New Delhi:There was a time when Byju’s symbolised the rise of India’s startup economy. Backed by global investors, promoted through massive advertising campaigns, and featured on the jersey of the Indian cricket team, the company grew into one of the world’s most valuable edtech firms during the pandemic era.
Founded in 2011 as Think & Learn Pvt Ltd by Byju Raveendran, the company capitalised on India’s growing online education market and rapidly expanding smartphone usage. The Covid 19 pandemic accelerated its growth further as schools shifted to virtual learning. At its peak in 2022, Byju’s was valued at nearly 22 billion dollars.

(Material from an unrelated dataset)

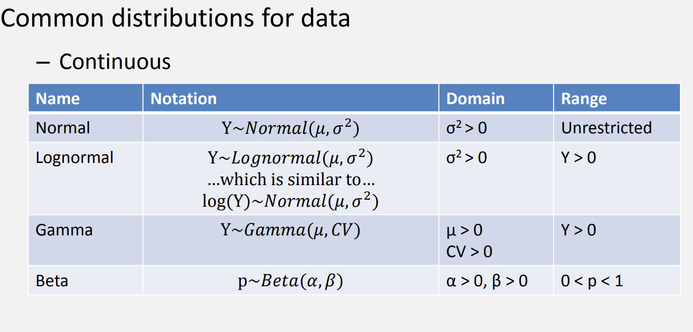 e.g., Poisson, binomial/Bernoulli, gamma, exponential, etc.

The company expanded aggressively through major acquisitions including Aakash Educational Services, Great Learning, and Epic, reportedly spending close to 3 billion dollars to strengthen its global presence. However, beneath the rapid expansion, financial and governance concerns were beginning to surface.
The turning point came after Byju’s raised a 1.2 billion dollar term loan from overseas lenders in 2021. While initially viewed as a landmark achievement for Indian startups, the loan later became central to the company’s troubles. Delayed financial filings, mounting losses, and questions around revenue reporting began to erode investor confidence.
The situation worsened after auditors resigned, citing communication delays and concerns related to financial statements. Lenders later accused the company of moving hundreds of millions of dollars without proper disclosure, triggering legal disputes in the United States and Singapore.
Singapore courts recently sentenced Raveendran to six months in jail for contempt after he allegedly failed to comply with court orders linked to asset disclosures. At the same time, insolvency proceedings against Think & Learn were initiated in India over unpaid dues to the Board of Control for Cricket in India.
One of the most contentious battles now centres on Aakash Educational Services, considered Byju’s most valuable acquisition. The company risks losing significant control in Aakash as financial restructuring and rights issue disputes continue.
Meanwhile, layoffs, salary delays, board resignations, and collapsing investor confidence have severely damaged the company’s reputation. Once valued at 22 billion dollars, Byju’s has reportedly been marked down by some investors to near 1 billion dollars or less.
The fall of Byju’s is now widely seen as a cautionary tale about aggressive expansion, debt driven growth, and weak corporate governance within India’s startup ecosystem.